Privious studies have shown that the erythroid and developmental stage-specific expression of human E-globin genes is controlled, in part, by both the positive stage-specific regulatory element (from -446bp to -419bp, ɛ-PREII) and the silencer (from -392bp to -177bp) upstream of the human ɛ-globin gene20,21,22. However, the molecular regulatory mechanism of the human ɛ-globin gene expression is still unknow. Although several MARs have been detected in human β-globin locus3, 23, the site of MARs within both ɛ-PREII and silencer upstream of the human ɛ-globin gene has not yet been identified. In order to further clarify the molecular mechanism involved in the regulation of human ɛ-globin gene expression, we first selected K562 cells and HEL cells with different human β-like globin gene expression pattern, together with nonerythroid Raji cells as an experimental model system.

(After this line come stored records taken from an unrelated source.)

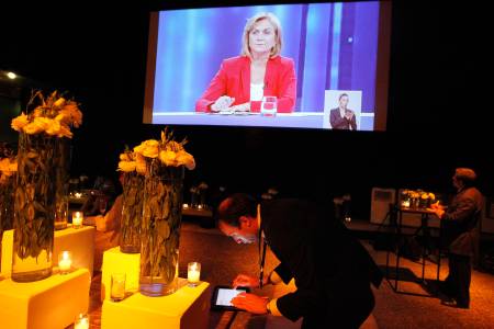 A member of the media attends a live televised debate between Chilean presidential candidates Michelle Bachelet and Evelyn Matthei in Santiago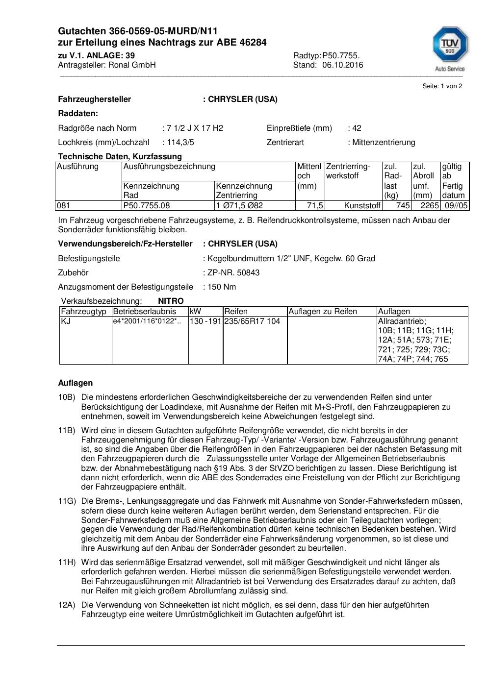 • Stimmt die KBA-Nummer auf der Felge mit diesem Dokument überein?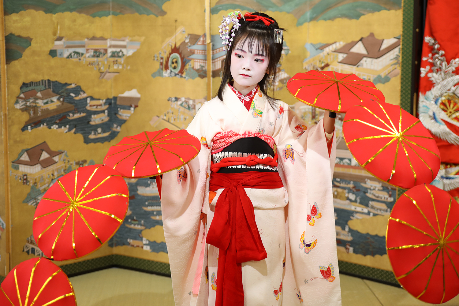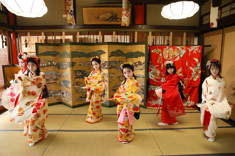 島原を盛り立てようと末廣屋は「基礎はきっちりと、太夫になるには心が大切」と舞をはじめとした諸芸の練習はもちろん、禿のときから舞台や音楽、美術に触れる機会ができるようにと努めています。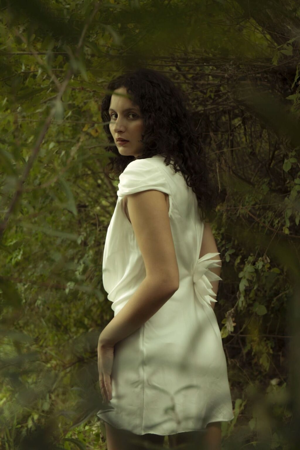 Robe blanche de noces en satin de soie, drapant délicatement les contours de la silhouette. Au dos trône une majestueuse nymphéa.
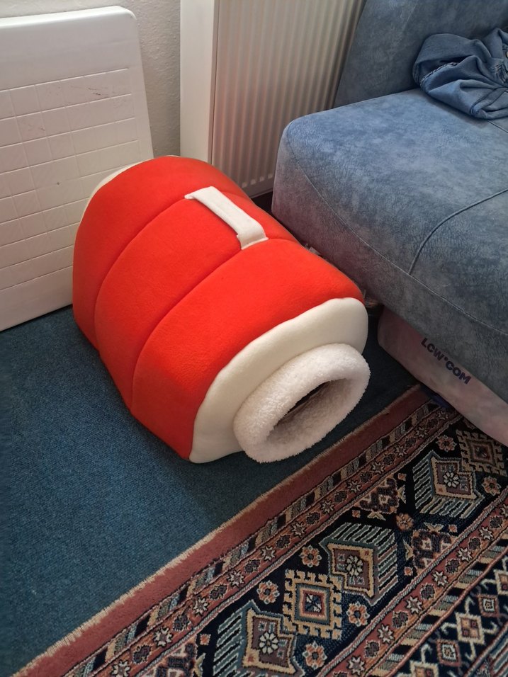 Yumuşak ve rahat kırmızı kedi tüneli, beyaz peluş giriş ile kedinizin dinlenip saklanması için ideal.LUTFEN TEKLIF GONDERMEYIN MAKUL FIYAT.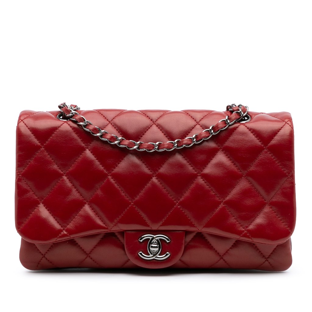 This flap bag features a lambskin leather body, a leather woven chain shoulder strap, a front flap with turn lock closure, an exterior back slip pocket, three interior compartments, and interior zip and slip pockets.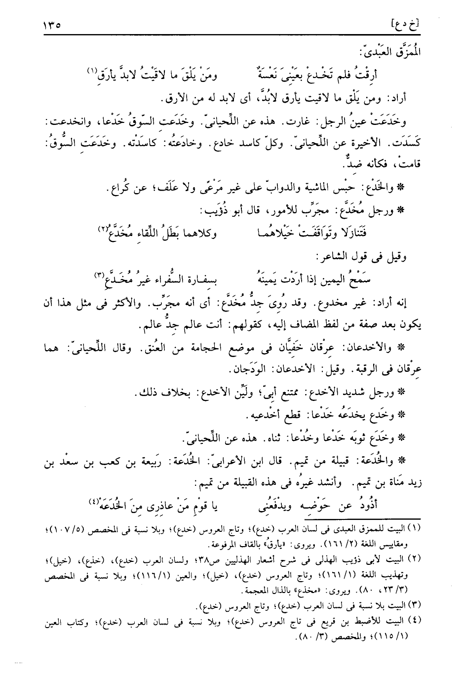 والخَيْدَع: الَّذِي لَا يوثق بمودته. والخَيدع: السراب، لذَلِك. وغول خَيْدع مِنْهُ. وَطَرِيق خَيدَع، وخادع: جَائِر، مُخَالف للقصد، لَا يفْطن بِهِ، قَالَ الطرماح: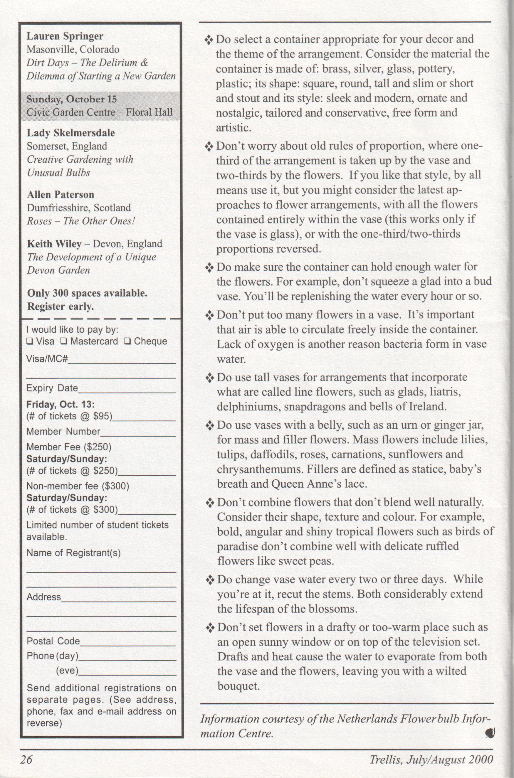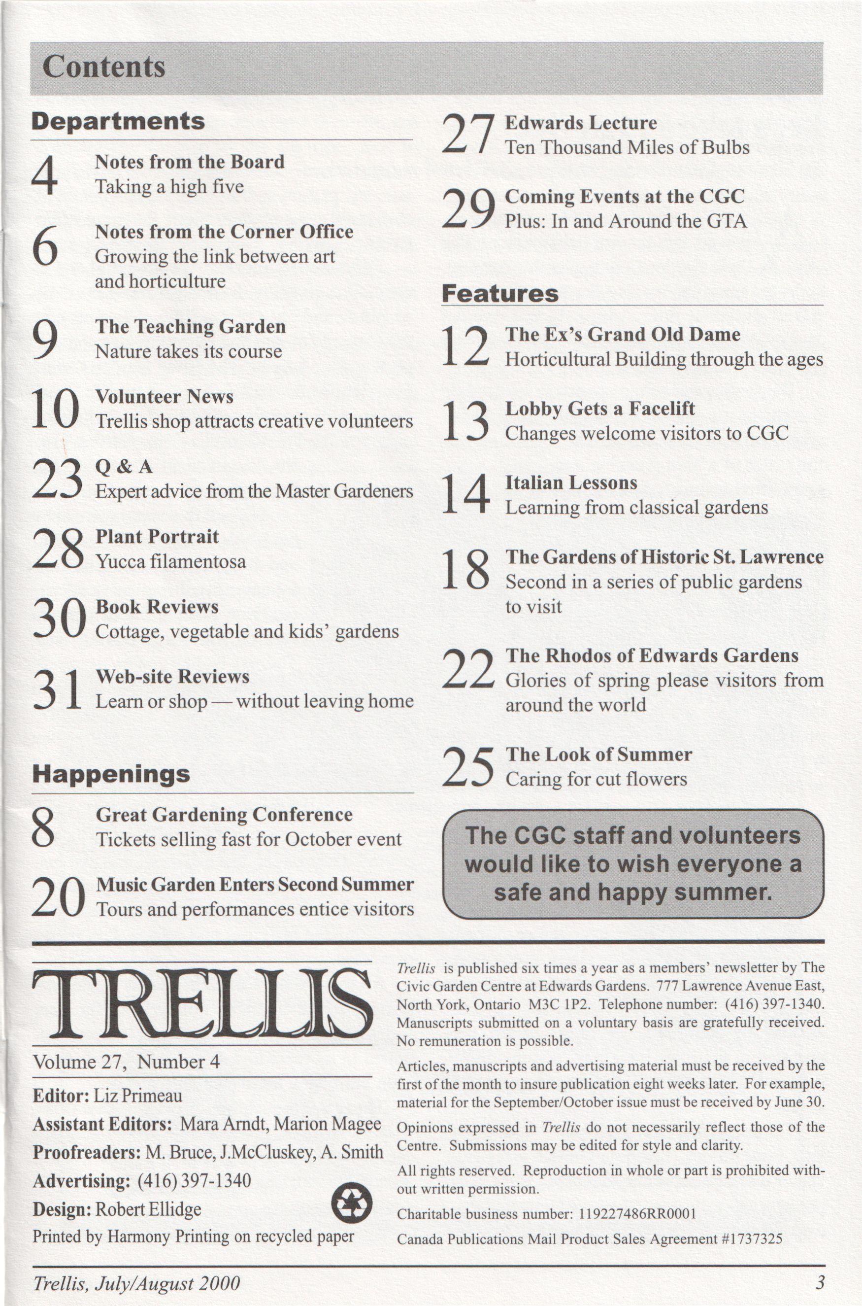 Articles, manuscripts and advertising material must be received by the first ofthe month to insurepublicationeightweeks later. Forexample, material forthe September/October issue mustbe received byJune 30. Opinions expressed in Trellis do not necessarily reflect those of the Centre. Submissions may be edited for style and clarity.

Then the nuclear matrix attachment regions (MARs) in the 5′-flanking cis-acting elements of human ɛ-globin gene and the related nuclear matrix proteins of these cells were compared by both in vitro DNA-matrix binding assay and gel mobility shift assay.

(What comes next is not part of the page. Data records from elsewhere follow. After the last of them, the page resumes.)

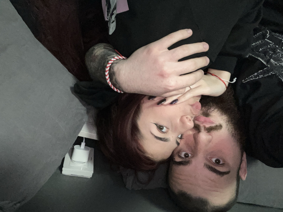 The image displays a close-up, slightly tilted portrait of two individuals, a male and a female, in an indoor setting in Yambol, Bulgaria. The male, positioned on the left, has a dark beard and mustache, with wide-open eyes looking forward. He wears a dark shirt with a partial white graphic design. His right arm, adorned with a red and white braided Martenitsa bracelet, rests around the female, and his forearm displays dark patterns, possibly tattoos. The female is in the foreground on the right, her head resting near the male's. She has dark red hair, winged eyeliner, and her lips are pursed. Her eyes are directed forward. Her left hand, featuring dark nail polish, touches her own cheek. She wears a silver ring on her left ring finger and a thin red string bracelet on her left wrist. Her left arm is wrapped around the male. The background features a dark grey upholstered surface on the left and top. A white electrical outlet with a white charger adapter plugged in is visible in the upper left corner. A dark brown textured surface is present on the right side of the frame. The scene is dimly lit.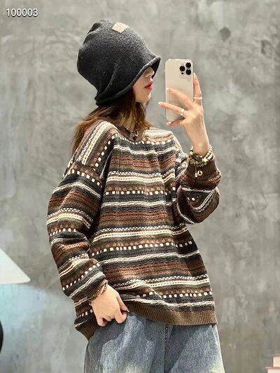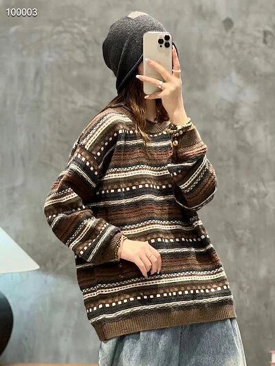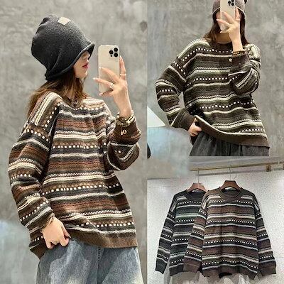 セーター ニット レディース ニットカットソー 秋冬 セーター ノルディック柄 厚手 長袖 プルオーバー ニット クルーネック フレア キレイめ ストレッチ 防寒 大きいサイズ 春 秋 冬 インナー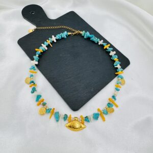 Υλικό: Ημιπολύτιμες πέτρες και στοιχεία από επιχρυσωμένο (24Κ) ορείχαλκο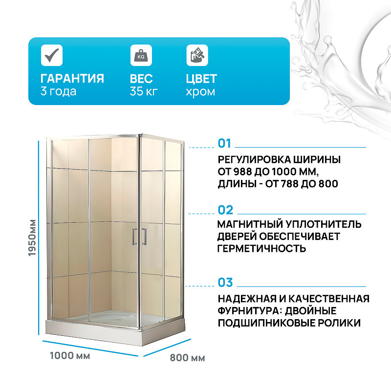 Душевой уголок BelBagno UNO 1950x1000x800 хром UNO-195-AH-2-100/80-C-Cr интересное: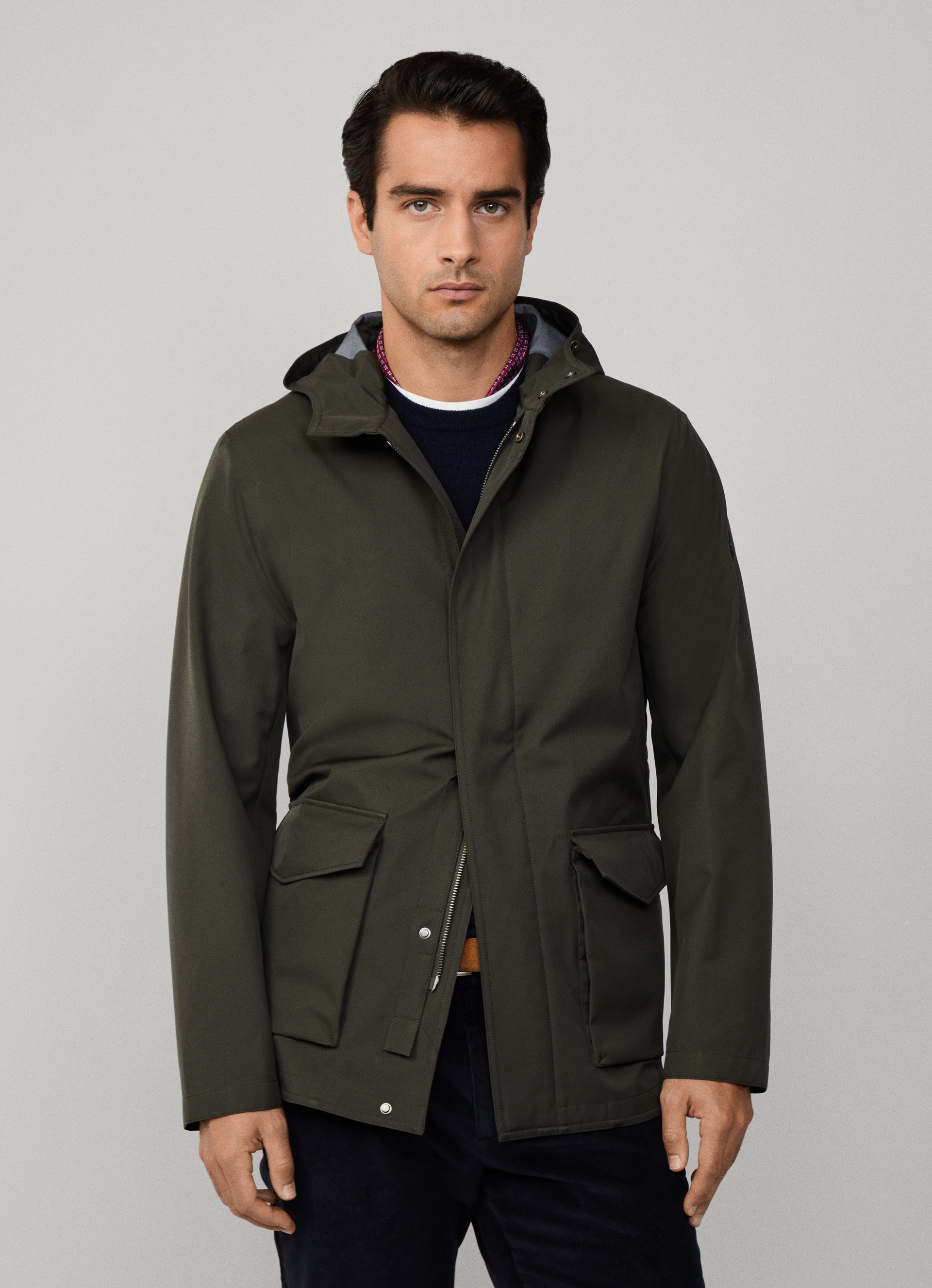 - Two clean lower patch pockets with flap

By using the in vitro DNA matrix binding assay, it was repeatedly demonstrated that the ɛ-PREII upstream of the human ɛ-globin gene could specifically associate with the nuclear matrix prepared from K562 cells, but not with the nuclear matrices prepared from both HEL and Raji cells, indicating that ɛ-PREII may be an erythroid specific-facultative MAR. To our knowledge, this is the first demonstration that the positive stage-specific regulatory element ɛ-PREII of human ɛ-globin gene can associate with the nuclear matrix from K562 erythroleukemia cells. By using gel mobility shift assay, an erythroid-specific nuclear matrix protein (designated as ɛ- NMPk) was first detected in K562 cells, which could specifically bind to the positive stage-specific regulatory element (ɛ-PREII). Southwestern blotting assay indicated that the ɛ-NMPk in K562 cells was composed of two polypeptides of about 40 kD in size. We tentatively suggested that ɛ-NMPk of K562 cells, via its interaction with ɛ-PREII, may play a pivotal role in activating the specific expression of human ɛ-globin gene in K562 cells.

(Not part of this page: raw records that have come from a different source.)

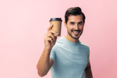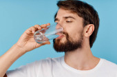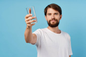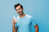 mężczyzna ręka gospodarstwa niebieski woda świeży uśmiech odizolowany atrakcyjny portret tło sexy butelka studio t-shirt napój sport szczęśliwy wesoły picie styl życia zdrowy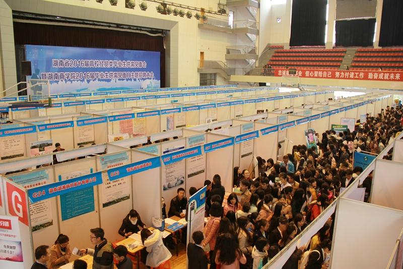 招聘会上,招商银行、中国民生银行、家乐福、苏宁云商等228家企业进场招聘,提供工作岗位6000余个,为毕业生提供了广阔的选择空间,其中,有四分之一是上市公司、国有企业和业内知名企业。来自我校、湖南科技大学、湖南财政经济学院、湖南涉外经济学院、湖南信息职业技术学院、湖南商务职业技术学院等共计5000余人进场应聘 。现场人潮涌动、气氛热烈。许多低年级的学子也前来“观望”,制定自己的大学规划,积累求职经验,寻找实习机会,为将来顺利就业做好准备。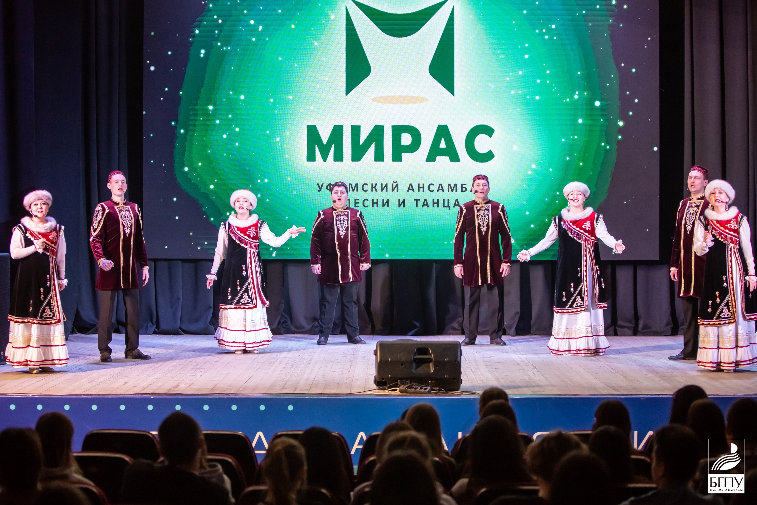 12 апреля в концертном зале Башкирского государственного педагогического университета имени Акмуллы состоялся концерт «Краски мира». Там выступили артисты фольклорного ансамбля песни и танца «Мирас». Зрителями стали студенты факультетов, институтов и колледж БГПУ имени Акмуллы.

In addition, the present data also showed that the nuclear matrices prepared from K562, HEL and Raji cells could also associate with the silencer DNA, as evidenced from the in vitro DNA-matrix binding assay. Meanwhile, ɛ-promoter DNA fragment did not show any association with these nuclear matrices. Therefore, it seems that silencer DNA can slso act as a nuclear matrix attachment region and we considered this regulatory element as a constitutive MAR, which may play a critical, but yet undefined role in silencing the human ɛ-globin gene expression. Now, when the nuclear matrix proteins isolated from K562, HEL and Raji cells were analysed by using a gel mobility shift assay with labeled silencer DNA fragment (-392bp to -177bp), it was found that the nuclear matrix proteins of these cells could all bind to the silencer DNA. However, the shift band K from K562 cells differed slightly in mobility as compared with that of shift bands H/R from HEL and Raji cells. The reason for such difference is not clear, but it may be possible that nuclear matrix protein in shift band K is different from those in shift bands H/R. Further studies are needed.

On the whole, the present work has demonstrated the importance of MARs and their binding nuclear matrix proteins in the regulation of human ɛ-globin gene expression. Further studies of the interaction between, nuclear matrix attachment regions (MARs) and nuclear matrix proteins will surely throw much light to our understanding of the molecular mechanism of humanɛ-globin gene expression.